Researchers believe a computer programme that can identify breast cancer from routine scans with greater accuracy than human experts will be a vital breakthrough.
The study’s authors, including several representatives from Google Health, trained their AI algorithm with mammograms from more than 25,000 patients in the United Kingdom and more than 3,000 women in the United States.
To compare the algorithm’s performance with human specialists, the team asked a separate, unaffiliated research organization to conduct a reader study involving six MQSA-compliant radiologists. The study included 500 mammograms selected at random from the US dataset and radiologists used BI-RADS scores to grade each image.
Breast cancer is one of the most common cancers in women, with more than two million new diagnoses last year alone. Regular screening is vital in detecting the earliest signs of the disease in patients who show no obvious symptoms.

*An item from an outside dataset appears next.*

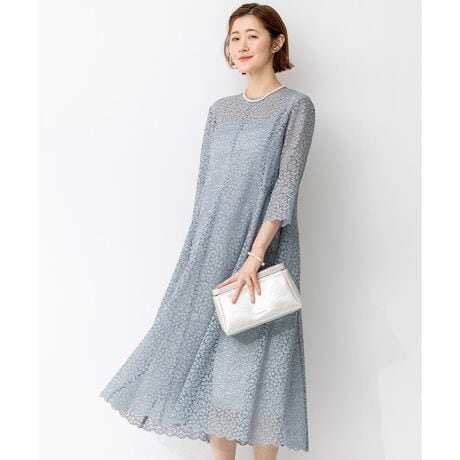 繊細なレースを贅沢に使用した総レースドレス。裾にかけて分量感を出すことで、動くたびに優雅なラインを描くシルエット。インナーのキャミソールワンピースとすこし色差を出すことで、涼し気な立体感が生まれ、品のよさを感じさせるデザインです。カラーは、爽やかな清楚感のあるサックスブルー(#073)、肌なじみよく明るい印象のキャメル(”030)、気品を感じさせるネイビー(#075)の3色展開です。
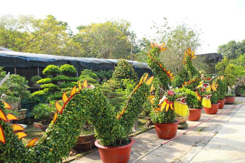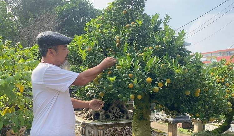 Ông Xuân ghép cây quất thành hình con rồng uốn lượn đẹp mắt dịp cận Tết. Ảnh: Tâm Anh Nguồn: https://laodong.vn/kinh-doanh/vuon-quat-doc-la-gan-300-trieu-donggoc-o-ha-noi-1287877.ldo

In Britain, women over 50 are advised to get a mammogram every three years, the results of which are analysed by two independent experts. However, interpreting the scans leaves room for error, and a small percentage of all mammograms either return a false positive - misdiagnosing a healthy patient as having cancer - missing the disease as it spreads.
“False positives can lead to patient anxiety, unnecessary follow-up and invasive diagnostic procedures."
The algorithm led to an absolute reduction in false-positive findings of 5.7% for the US dataset and 1.2% for the UK dataset. It also reduced the percentage of missed diagnoses by 9.4 percent among US patients and by 2.7 percent in Britain.
The applications for AI in diagnoses are seemingly endless. It feels like every week there are some advancements in the field. Although up until now, many of these projects have barely made it out of the pilot stage. In 2020, many experts are now tipping these technologies to become more widespread in the healthcare industry.